To celebrate the start of my Christmas holiday, I've spent the morning baking: sausage rolls and a lemon drizzle cake. Doing so reminded me of the Easterlin paradox - the puzzle that rising incomes have not greatly increased happiness.
I say so because a new paper by Maurizio Pugno has formalized one explanation for this, which draws on Tibor Scitovsky's The Joyless Economy.
The idea here is that our leisure can be spent on either comfort goods such as watching TV, shopping or drinking, or creative activities such as baking, playing guitar or gardening. However, we do too much of the former and not enough of the latter, which is detrimental to our well-being.
One reason for this is that comfort goods can be addictive, with the result that we feel guilty afterwards about over-consuming. This isn't just true of alcoholics and shopaholics; we might also feel bad about slobbing out in front of the TV.
Another reason is that pure consumption goods might invite adverse comparisons with others, which make us feel worse off. If your neighbour has an expensive car, you might feel bad in a way that you don't if your neighbour is a good guitarist or baker.

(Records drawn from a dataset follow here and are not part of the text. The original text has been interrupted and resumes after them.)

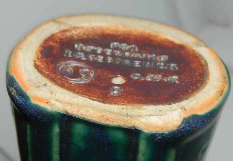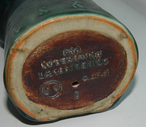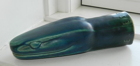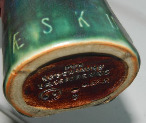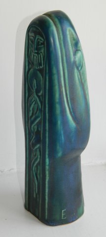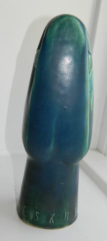 Figur af Æskulap i stentøj fra Saxbo fabrikken ca. 1955. Designet af Olaf Sæhr-Nielsen (1896-1969). Fremstillet som gaveartikel for Københavns Lægeforening, hvilket fremgår af stemplingen på bunden. Det vides ikke hvor mange figurer der er fremstillet. Dækket af en grøn "hare-pels" glasur. Formen udgør samtidigt hovedet på en slange. Fabriksmærket på bunden, modelnummer samt kunstnersignatur O. St.N. hertil FRA KØBENHAVNS LÆGEFORENING. Figuren har et par småskår på undersiden. 22 cm høj.
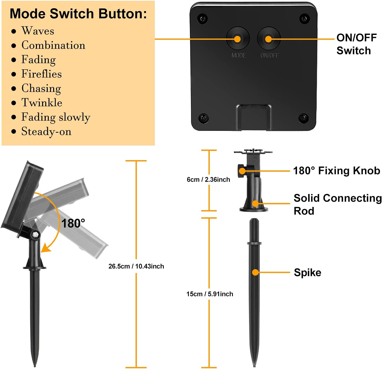 Simple button operation makes it so easy to control the lights. 8 lighting modes are definitely the fun part when you try to decide which blinking setting is the perfect one for your outdoor space.
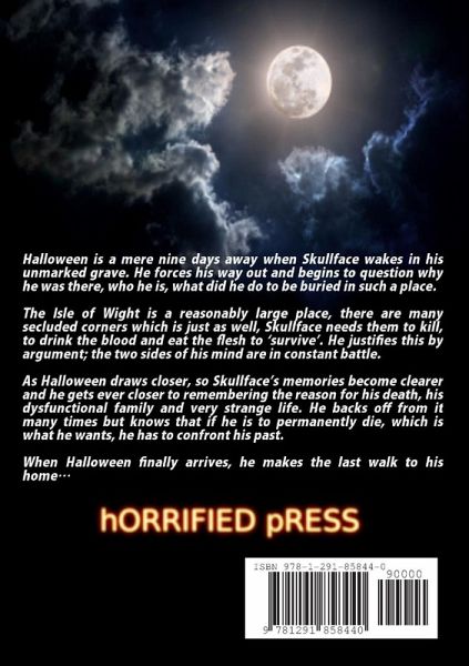 Halloween is a mere nine days away when Skullface wakes in his unmarked grave. He forces his way out and begins to question why he was there, who he is, what did he do to be buried in such a place. The Isle of Wight is a reasonably large place, there are many secluded corners which is just as well, Skullface needs them to kill, to drink the blood and eat the flesh to 'survive'. He justifies this by argument; the two sides of his mind are in constant battle. As Halloween draws closer, so Skullface's memories become clearer and he gets ever closer to remembering the reason for his death, his dysfunctional family and very strange life. He backs off from it many times but knows that if he is to permanently die, which is what he wants, he has to confront his past. When Halloween finally arrives, he makes the last walk to his home...

Through this route, economic growth - more neighbours with fancy cars - reduces happiness.
But why do we spend too much time on comfort goods and ordinary consumer spending and not enough on creative activities? One reason, says Pugno is that the latter require investment in 'leisure skills' - the ability to play an instrument, garden or appreciate art. Such investment, like any other, is costly. At any point in time, therefore, we might prefer the zero-cost option of comfort goods. But this means we never acquire the skills needed to make best use of our leisure.
I'd add three other mechanisms that exacerbate this problem:
1. The failure of affective forecasting (pdf)- our inability to predict our future happiness. Two aspects of this general failure are relevant here. One is duration neglect; we pay too much attention to the short-term costs of acquiring leisure skills (the burnt cakes or the inability to get a note out of the sax) and so prefer the easy option of watching TV. Another is immune neglect - our failure to anticipate that we'll get used to some things, and so lose satisfaction from repeating them.
2. Path dependency. If you grow up in a home where your parents came home from work too tired to do anything other than watch TV or go down the pub, you'll think of such leisure activities as normal, and so will not think of better ways of spending your time. Because of this, it was not until I was 40 that I laid a finger on a musical instrument. And even today I feel uncomfortable if the TV isn't on in the evening.
3. Lack of self-control. Even if we knew that investment in leisure skills would pay off in the future, in the sense of getting greater utility from leisure, our lack of self-control would cause us to under-invest. Bruno Frey has showed (pdf) how this causes folk to watch too much TV.
There is, therefore a strong bias towards over-consumption of comfort goods and under-investment in creative activities - which contributes to the Easterlin paradox.
Herein, though, lies a point which is under-estimated. A healthy capitalism probably requires that this be the case. The shopaholic who feels guilty about her purchases does more good for capitalism that the man who tends to his allotment instead. And the person who's desperate for work so they can spend is more use to capitalists than the guy who doesn't mind being unemployed for a while because he can practice his guitar.
In its small way, my lemon drizzle cake sticks it to The Man.